A prática da expressão deverá estar integrada em todas as áreas curriculares e profissionais: educativas, saúde e sociocomunitárias, já que é necessário trabalharmos todas as diferentes dimensões do sujeito e não só, como muitas das vezes alguns pensam apenas a componente cognitiva.

As expressões integradas, são uma forma de construção dinâmica, articulada dos vários saberes, promovendo e facilitando diferentes áreas, facilitando que estas sejam abordadas não de uma forma redutora, estanque, compartimentada, regional, a preto e branco, para dar lugar a uma visão generalista, globalizante, integrativa, universal e colorida.

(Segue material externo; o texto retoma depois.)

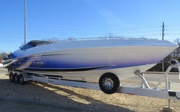 2022 Black Thunder Powerboats 43 EC Raised Deck, Description Introducing the sleek, powerful and irresistible 2022 Black Thunder 43 Extended Cockpit Raised Deck . This masterfully designed and meticulously engineered boat is a testament to superior craftmanship and groundbreaking performance. Power and Performance ( only 39.8 hours ) At the heart of this vessel, you will find Twin Mercury Racing 520 motors ensuring top-notch performance and thrilling speed. These engines are made to provide unparalleled performance, ensuring a smooth and exhilarating ride each time you set sail. Included Extra Features The 2022 Black Thunder 43 not only guarantees a strong performance but also comes with numerous additional options enhancing its value and user experience. The additional features include: Bow Thruster: For easier maneuvering and docking. Mercury Vessel View: For real-time information about your boat's performance. Underwater Lighting Package: For an enchanting visual spectacle in evening trips. Custom Audio System: For an immersive audio experience during your offshore adventures. Custom Exterior Graphics: Showcase your unique personality and style with the boat's aesthetics. Custom fit Trailer Also included in the price, to give you the utmost convenience, is a custom-fit Manning Aluminum triple axles trailer with brakes and a front boarding ladder. This heavy-duty trailer is perfect to haul your boat to and from the water, ensuring safety and easy transportation. This boat will crush big water in style.
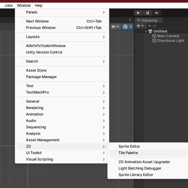 Tile Palette 열기
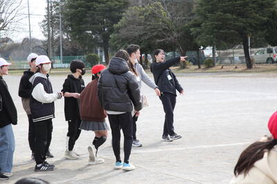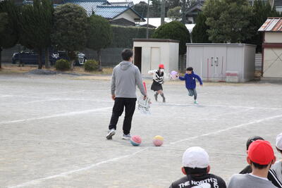 今日は6年生が、校庭で学年のお楽しみ会を行っていました。
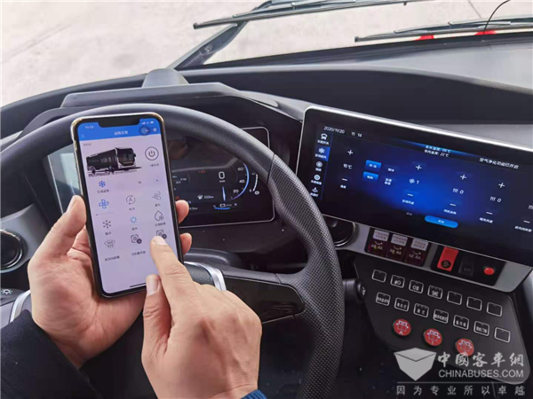 “诸如USB快速充电、空调、加热扶手杆、渲染灯、乘客阅读灯等这些创新设施,如今,通过一部手机就可以轻松控制,将为驾驶员及乘客带来更加舒适、便捷的出行新体验。” 孟彦表示。
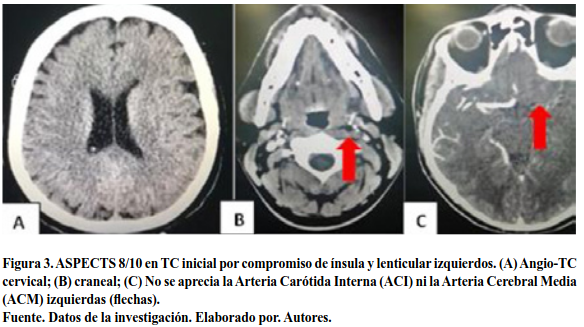 Respecto de la clasificación como ictus hemorrágico o isquémico inicial, y de este último según la categorización de Alberta Stroke Program Early CT Score (ASPECTS), la TC simple fue el estudio de imagen inicial para discernimiento4-6, con un score mayor a 7 en los casos de isquemia. Subsecuentemente se realizó RM y Angio-RM arterial en el primer caso, Angiotomografía Computarizada (Angio-TC) en el segundo y RM más An-gio-RM venosa en el tercero. A falta de disponibilidad de perfusión cerebral en TC y RM, se utilizó los hallazgos de los estudios descritos, coincidente con la recomendación de la última actualización de la American Heart Association/American Stroke Association (AHA/ASA) en las Guías de manejo temprano de Stroke 20191,17, donde se recomendó que si el núcleo (o core) del infarto (restricción en difusión) es más pequeño que un tercio del territorio de la arteria cerebral media y no hay cambio de señal visible en las secuencias Fluid Attenuation Inversion Recovery (FLAIR), el Mismatch Diffusion Weighted Imaging/Fluid Attenuation Inversion Recovery (DWI/FLAIR) sirve como un sustituto para el tiempo menor a 4,5 horas, además de la evidencia de oclusión de vaso mayor y el ASPECTS favorable (mayor a 7).
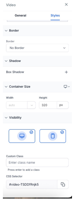 Question: What are the styles settings available for videos in the Funnel Builder? Answer: In the Styles Video Settings, you can customize the video’s border, adjust the display settings for mobile and desktop, and use the CSS selector for additional styling options.
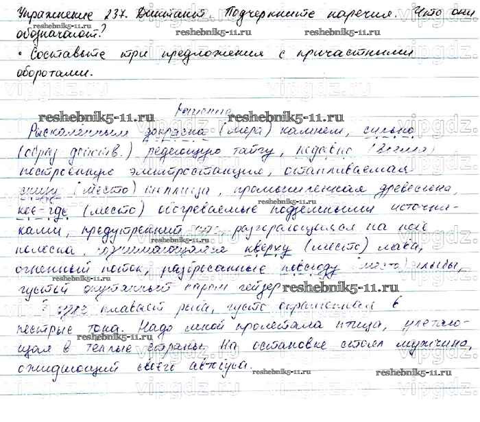 Готовая домашняя работа с ответами по Русскому языку за 7 класс Баранов, Ладыженская, Тростенцова Учебник УМК Просвещение 2015 ФГОС - Упражнения 237

Acreditamos e defendemos que se ampliarmos a nossa capacidade expressiva, ampliamos a nossa forma de estar, de ver e de nos relacionarmos com o mundo, o nosso e o que nos rodeia, e assim caminhamos para o bem-estar e qualidade de vida que todos ambicionamos e procuramos.

As Terapias Expressivas Integradas, permitem trazer ao consciente aspetos até então desconhecidos e outros que as pessoas ocultam, por medo, vergonha e fragilidade.

O Terapeuta Expressivo deve ter uma atitude envolvente, flexível, disponível, autêntica, genuína, empática, dedicada, segura, contentora e continente.

O Terapeuta Expressivo deverá criar/facilitar uma atmosfera de apoio e confiança, caracterizada numa relação próxima e aberta e assente numa metodologia não diretiva e/ou semi-diretiva.

O Terapeuta Expressivo deverá ter uma postura profissional baseada em princípios éticos e deontológicos, preservando sempre o respeito, a confiança e a identidade dos seus clientes e das instituições.